Bitcoin (BTC) spent the week split across two scenarios. One highlighted improving onchain buying pressure and ETF inflows, while the other remained synced to sentiment gauges and news events that projected fear.

The spot and futures cumulative volume delta, a running tally of buy and sell orders, confirmed a $925 million net buying day for Bitcoin on July 15. This orderbook activity absorbed the entire post-CPI pullback in open interest and price rather than collapsing into it. Meanwhile, the spot Bitcoin ETFs added $107.7 million in net inflows on July 15, marking the second consecutive positive day following $181 million on July 14.

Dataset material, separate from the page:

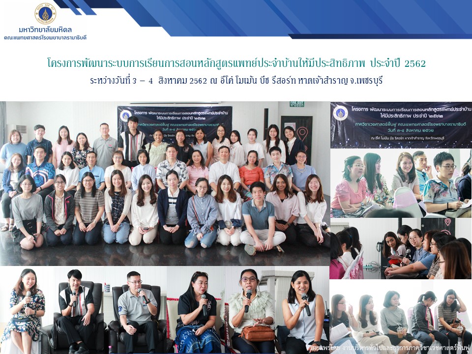 โครงการพัฒนาระบบการเรียนการสอนหลักสูตรแพทย์ประจำบ้านให้มีประสิทธิภาพ ประจำปี 2562 ระหว่างวันที่ 3-4 สิงหาคม 2562 ณ อีโค่ โมเม้น บีช รีสอร์ท หาดเจ้าสำราญ จ.เพชรบุรี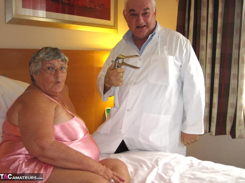 - 1. Зрелая гинекологиня снимает униформу, чтобы обнажить свое жирное тело и осмотреть свою пизду.

Bitcoin price, funding, open interest. Source: Hyblock 

Funding rates spent most of the past week between 0.10% and 0.22%, then cooled sharply to 0.048%. Paired with open interest down 3.4% from Tuesday’s peak, this suggests leverage unwinding without a corresponding price decline, as Bitcoin was down only about 1.5% over the same stretch. This suggests that the longs deleveraging are simply stepping back from the post-CPI trade to adjust for Bitcoin hitting its local range highs near $65,000 to $66,000. 

Despite the traction in spot, futures, and ETF markets, market sentiment has yet to catch up. The Fear & Greed Index sits near 26, still in “Fear” territory, despite Bitcoin’s roughly 4.4% bounce off its recent $62,100 low. For traders that use the metric in a contrarian sense, positive flows holding up while sentiment stays depressed has historically been a more durable setup than a rally where sentiment has already priced in.

An alternate interpretation is that real risk-off events remain present on the horizon. This week the US war in Iran resumed, oil prices shot above $85 and projections for a Fed rate hike by September 2026 remain above 44%. 

The positive data for the week do not confirm a change in trend. Yes, two days of confirmed buying are notable, but they are not decisive.

Currently, funding is cooling toward neutral, spot ETF flows remain negative for the year, and a cluster of long liquidations sits roughly 1.5% below the current price ($63,200).